EXERCISE:
Your response to the data below should hold nothing except the lines from the one containing "Classic red velvet" down to the one containing "díváte na televizi.", reproduced exactly and without pictures.

━━━━━ DATA FOR THE TASK ━━━━━

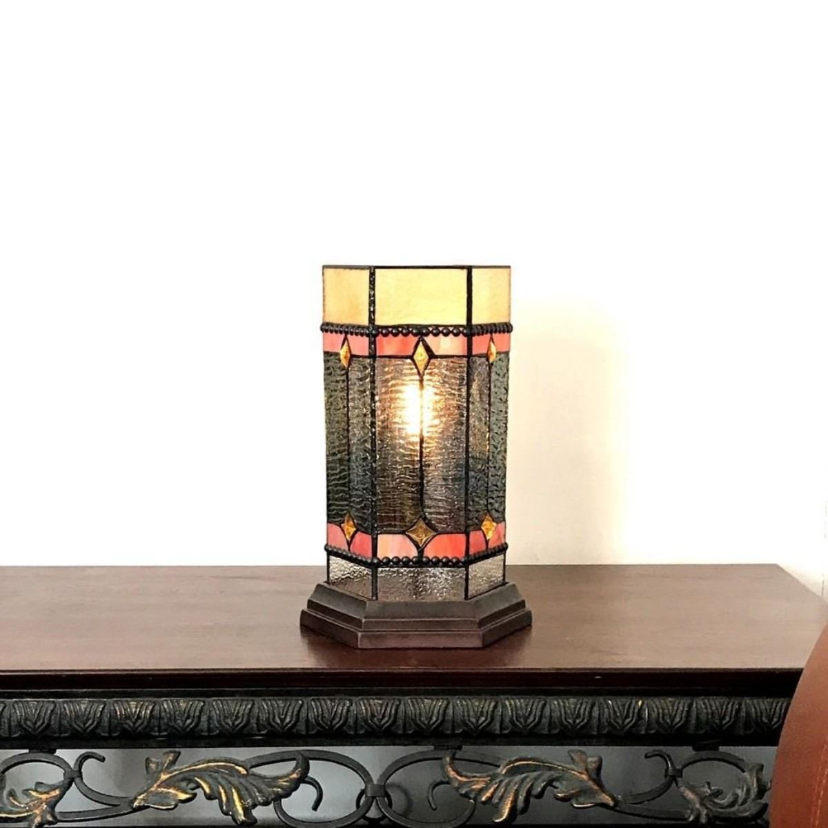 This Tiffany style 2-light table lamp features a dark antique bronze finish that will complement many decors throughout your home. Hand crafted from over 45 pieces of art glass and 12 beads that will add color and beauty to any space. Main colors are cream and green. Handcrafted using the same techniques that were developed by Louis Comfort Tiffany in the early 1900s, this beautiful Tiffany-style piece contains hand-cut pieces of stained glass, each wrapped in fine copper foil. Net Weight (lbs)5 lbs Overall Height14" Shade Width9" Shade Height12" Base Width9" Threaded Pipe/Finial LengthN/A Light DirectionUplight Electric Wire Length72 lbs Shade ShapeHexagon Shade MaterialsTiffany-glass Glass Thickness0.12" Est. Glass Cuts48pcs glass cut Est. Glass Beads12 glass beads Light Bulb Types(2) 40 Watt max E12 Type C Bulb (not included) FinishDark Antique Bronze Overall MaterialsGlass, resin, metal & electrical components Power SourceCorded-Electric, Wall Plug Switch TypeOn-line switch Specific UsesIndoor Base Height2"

━━━━━
━━━━━ DATA FOR THE TASK ━━━━━

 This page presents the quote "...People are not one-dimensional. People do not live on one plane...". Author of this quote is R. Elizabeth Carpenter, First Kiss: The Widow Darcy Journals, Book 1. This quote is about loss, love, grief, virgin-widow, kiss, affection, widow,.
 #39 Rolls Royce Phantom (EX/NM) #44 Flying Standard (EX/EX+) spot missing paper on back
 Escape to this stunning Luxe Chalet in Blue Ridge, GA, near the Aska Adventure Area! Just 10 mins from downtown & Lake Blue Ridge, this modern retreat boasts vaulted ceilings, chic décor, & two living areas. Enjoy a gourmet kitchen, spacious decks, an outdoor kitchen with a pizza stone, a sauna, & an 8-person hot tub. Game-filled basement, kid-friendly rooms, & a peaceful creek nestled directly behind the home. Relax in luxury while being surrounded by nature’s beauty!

━━━━━
━━━━━ DATA FOR THE TASK ━━━━━

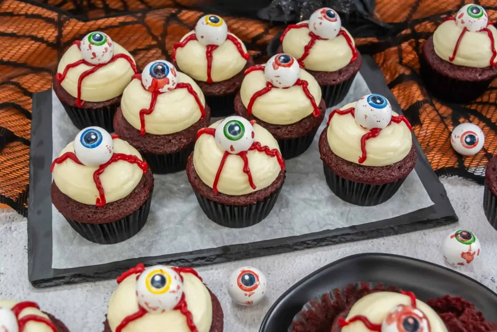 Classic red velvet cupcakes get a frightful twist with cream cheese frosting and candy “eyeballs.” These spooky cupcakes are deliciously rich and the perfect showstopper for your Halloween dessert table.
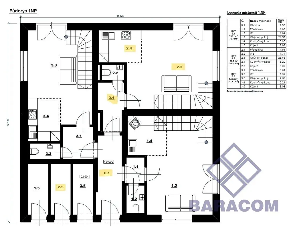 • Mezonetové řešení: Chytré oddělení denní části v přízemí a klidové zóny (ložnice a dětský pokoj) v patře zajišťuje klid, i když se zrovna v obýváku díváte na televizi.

━━━━━

FINISHED TASK:
 Classic red velvet cupcakes get a frightful twist with cream cheese frosting and candy “eyeballs.” These spooky cupcakes are deliciously rich and the perfect showstopper for your Halloween dessert table.
 • Mezonetové řešení: Chytré oddělení denní části v přízemí a klidové zóny (ložnice a dětský pokoj) v patře zajišťuje klid, i když se zrovna v obýváku díváte na televizi.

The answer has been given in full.